— Problem —
Only the lines from the first line of the entries through the line with "سَأَلت ابْن عمر" belong in the answer, each restated word for word and without pictures.

— Provided information —
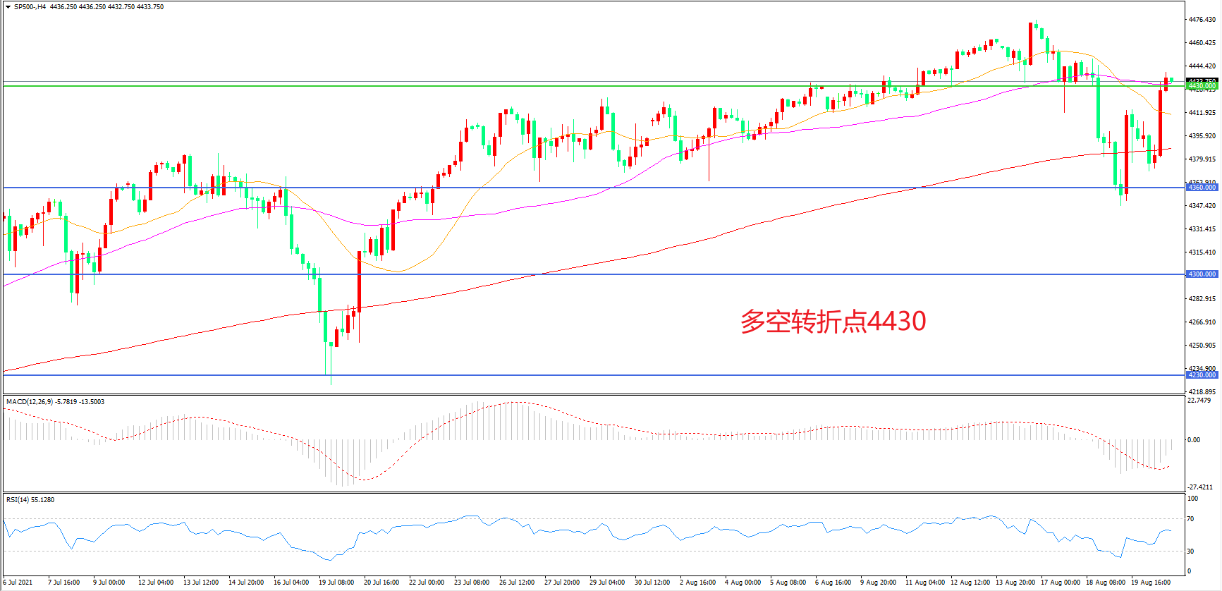 多空转折点:4430.00
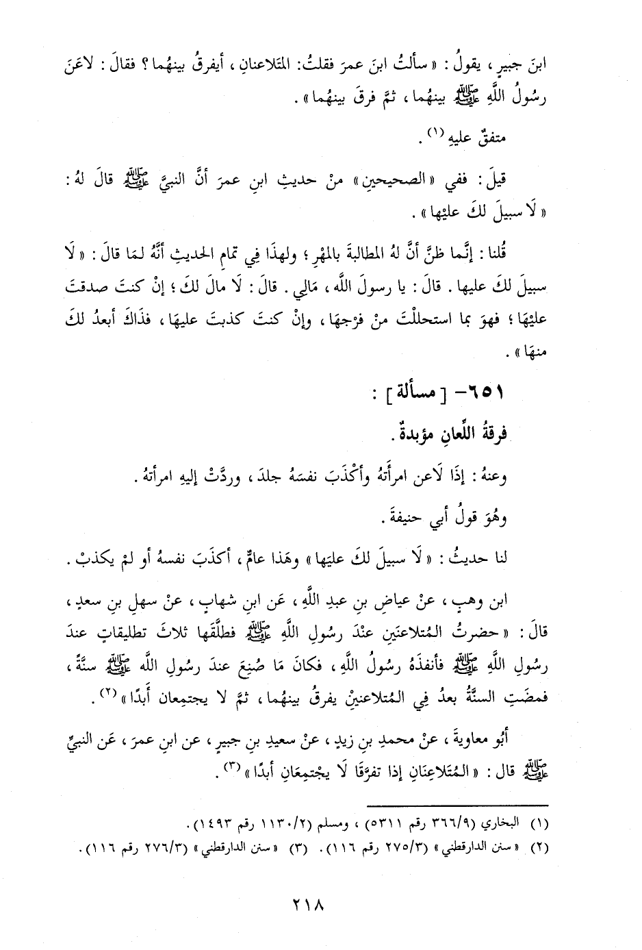 ابْن جُبَير، يَقُول: " سَأَلت ابْن عمر فَقلت: المتلاعنان، أيفرق بَينهمَا؟ فَقَالَ: لَاعن رَسُول الله [صلى الله عَلَيْهِ وَسلم] بَينهمَا، ثمَّ فرق بَينهمَا ".
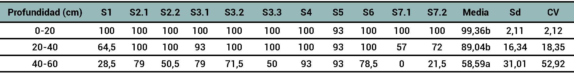 El mayor porcentaje de ocupación de raíces totales de kiwi se concentró en los primeros 40 cm de profundidad del suelo (P<0,01; tabla 3). Independientemente de la densidad, el porcentaje de ocupación en los 0-20 cm de profundidad fue del 100% en casi todos los sitios, a excepción del 5. Quizás, un menor contenido de materia orgánica en el suelo del sitio 5 haya influido en estos resultados y en el menor número de raíces respecto al resto de los sitios (tabla 2). Si bien no hubo diferencias estadísticas significativas en el porcentaje de ocupación de raíces entre los 0-20 y 20-40 cm, se observó una tendencia de una disminución gradual del porcentaje de ocupación entre dichas profundidades, mientras que la reducción fue estadísticamente significativa por debajo de los 40 cm de profundidad del suelo (P<0,01; tabla 3).
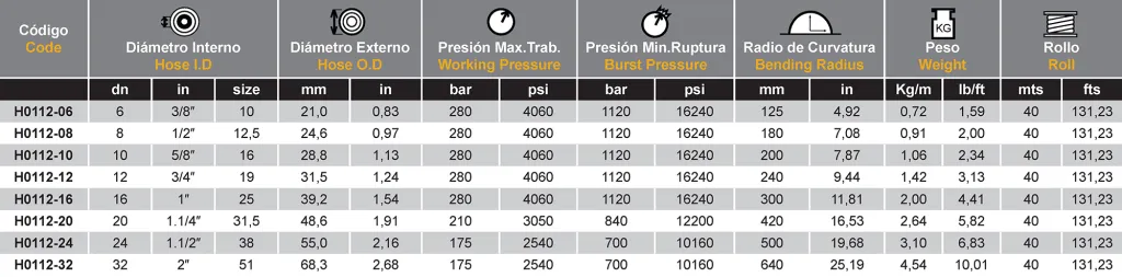 Tubo Interno: Mezcla de goma sintética de nitrilo-butadieno, resistente al aceite Refuerzo: 4 Mallas de acero espiraladas Cubierta: Mezcla de goma sintética resistente al aceite y la intemperie
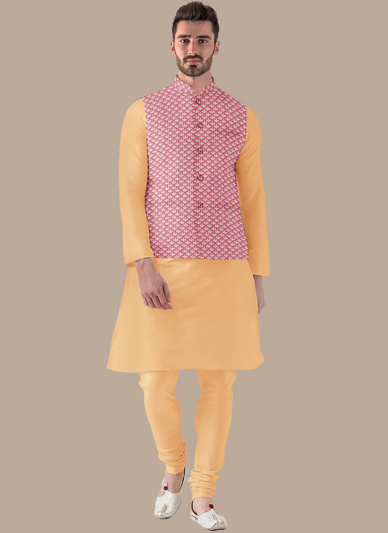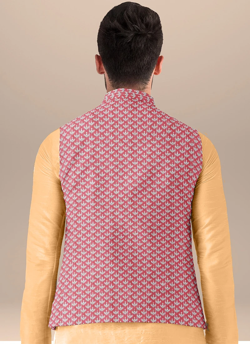 Teen Boys Beige N Pink Embroidered Bandi Set Party Wear
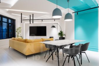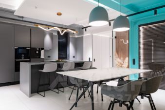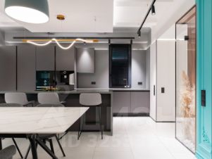 Просторная кухня-гостиная 47 м2, является настоящим бриллиантом этой квартиры и приятно погружает в атмосферу уюта: детский смех, манящий запах запеченной утки, которую только вытащили из духовки. Вся семья собралась на праздничный ужин и в доме царит атмосфера тепла. Также установлен телевизор Samsung 85" c акустикой и ощущением домашнего кинотеатра.
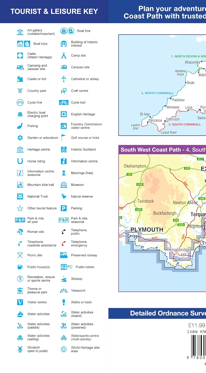 AZ heeft de meest gedetailleerde wandelkaarten van delen van het South West Coast Path gebundeld in een atlasje. Daardoor is het heel handig qua formaat. De kaarten zelf zijn perfect voor het wandelen. Schaal 1:25.000
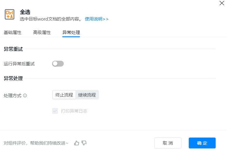 ● 异常重试:当流程运行过程中发生异常时,可根据实际需求配置是否启用重试逻辑。
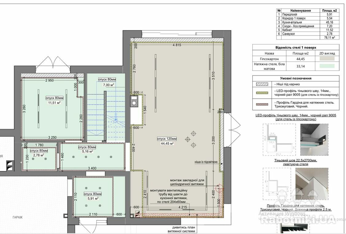 Стеля 45кв гіпсокартон + короба та ніші (Белогородка)
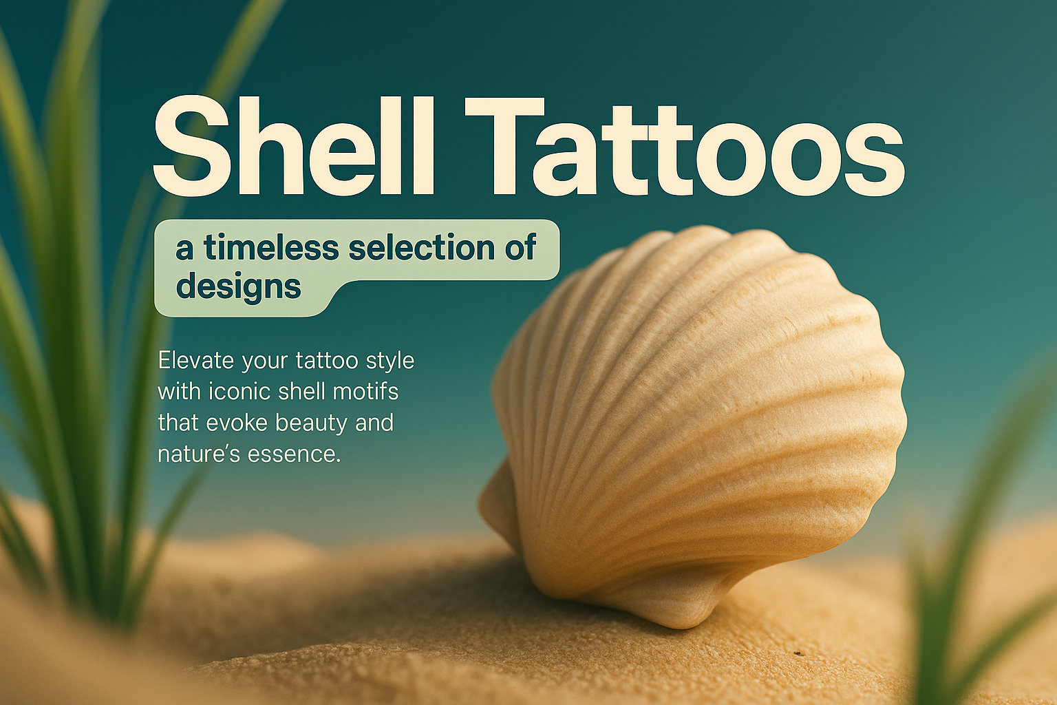Stylish 3D Shell Tattoo Illustration with Text Elements
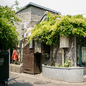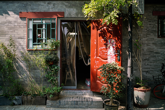 北京胡同一景。这是极为“经典”的颜色搭配:灰色调的外墙与砖红色的门窗。
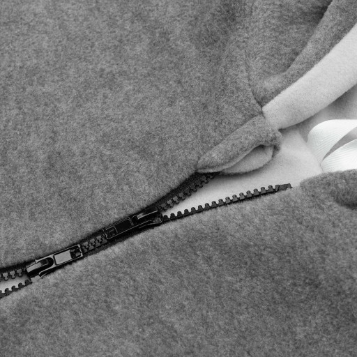 Пончо оснащено двосторонньою блискавкою з захистом від защемлення (у верхній частині пончо), а магніти під пахвами дозволяють легко одягати та знімати пончо з дитини.
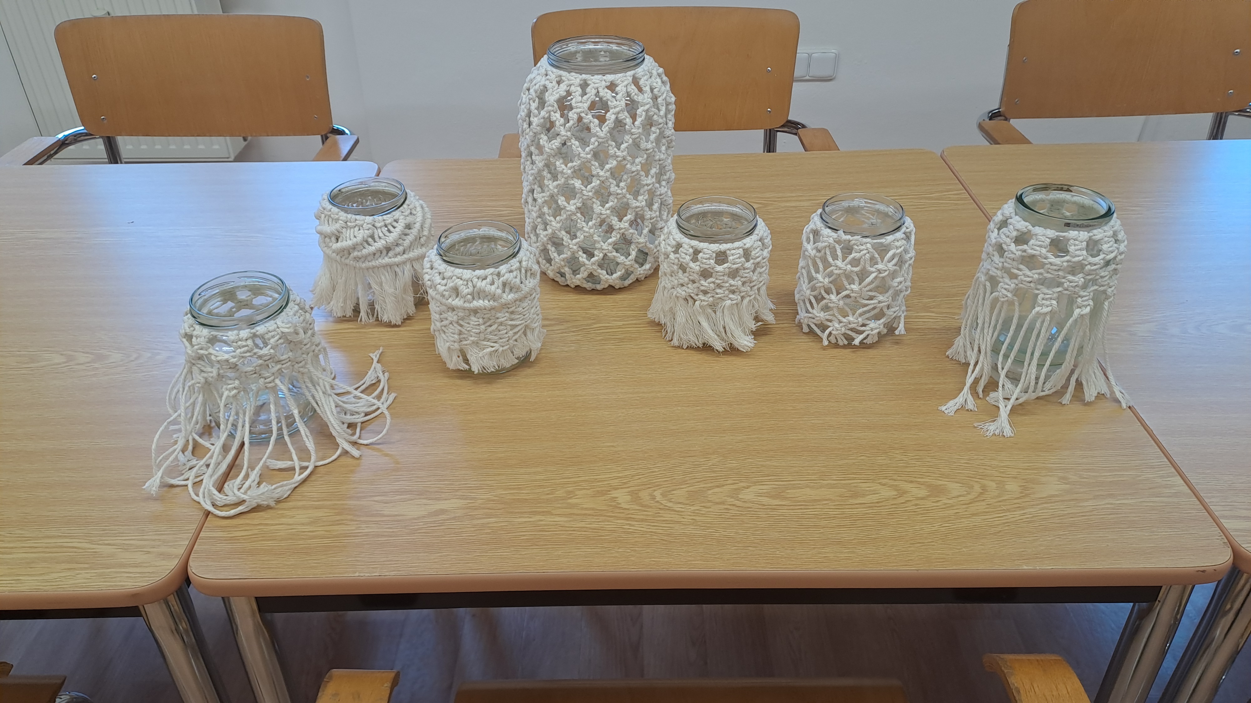 Společně jsme si připomněli uzly z minulého kreativního setkání a s chutí se pustili do další tvorby. Tentokrát jsme si vlastnoručně opletli sklenice a proměnili je v originální dekorace, které rozzáří každý interiér.
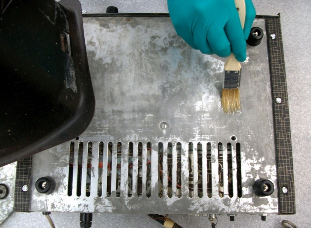 Once the object is placed inside the filtered box, the corrosion is removed with a fiberglass brush while utilizing the box’s interior gloves. To slow the formation of any further corrosion, the metal is coated with a 20% Acryloid B72 that has been dissolved in acetone and toluene.
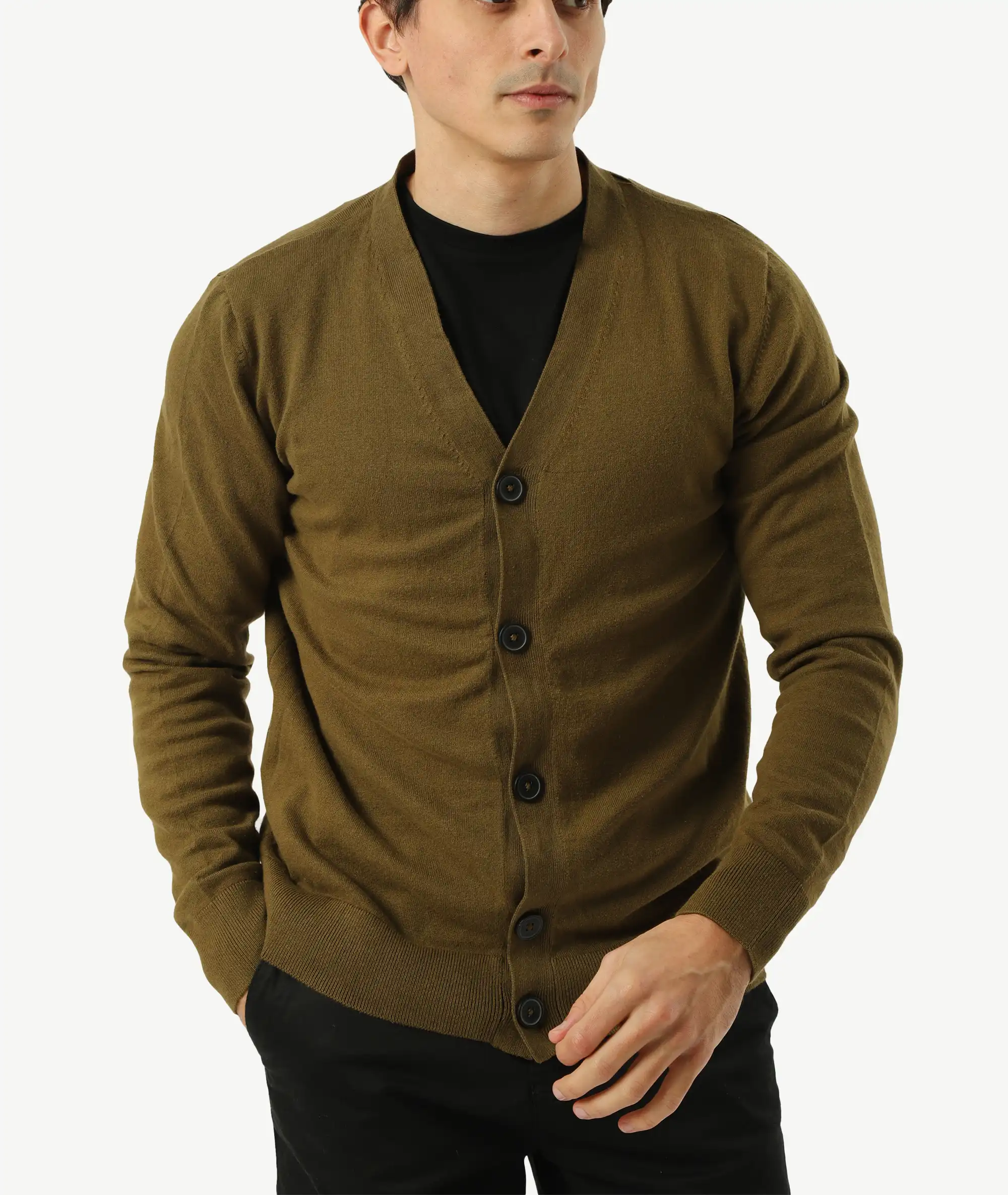 Cardigan kaki boutonné – Intemporel et polyvalent
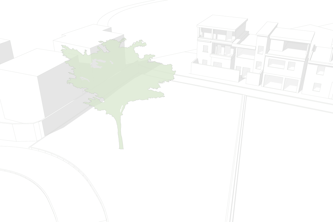 我们把建设场地选在入口广场左侧,紧邻停车场,靠着石泉山环形步道的一边,另一边是几户线性排开的民宅。场地中有几棵树围绕空出一块较为完整的地方,我们把建筑定在了这里。
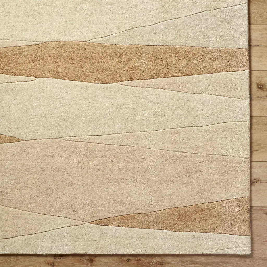 Collection: Robin Colors: Cream, Caramel Construction: Hand Tufted Material: 100% Wool Pile: Medium Pile Pile Height: 0.68" Styles: Contemporary Backing: Canvas Made In: India Thickness: 0.86" Price Range: $$$$$ (Affordable)
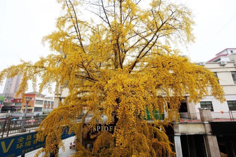 江西安福:闹市银杏成一景 华丽变身“黄金树”
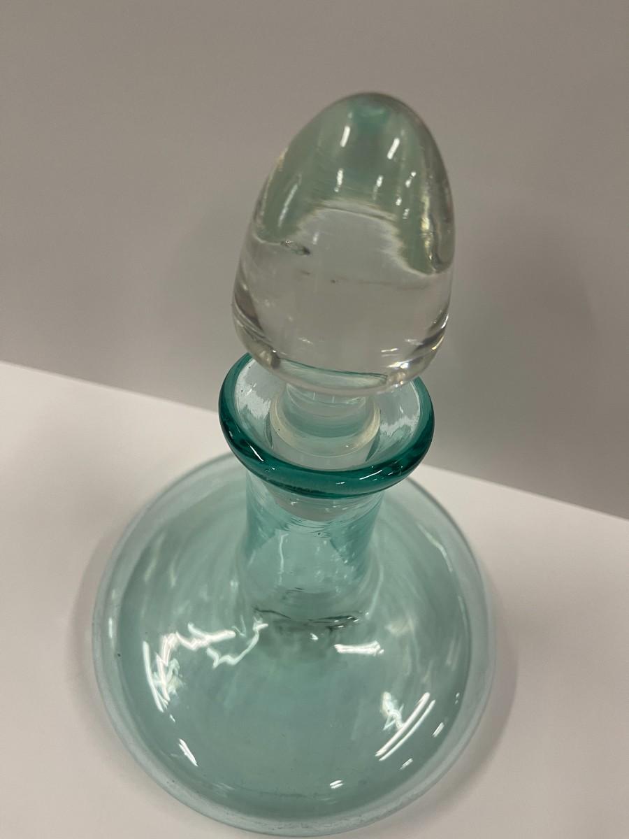Hand made turquoise glass decanter. Doesn't have the original stopper. 6" to top of decanter without stopper

— Problem solution —
 多空转折点:4430.00
 ابْن جُبَير، يَقُول: " سَأَلت ابْن عمر فَقلت: المتلاعنان، أيفرق بَينهمَا؟ فَقَالَ: لَاعن رَسُول الله [صلى الله عَلَيْهِ وَسلم] بَينهمَا، ثمَّ فرق بَينهمَا ".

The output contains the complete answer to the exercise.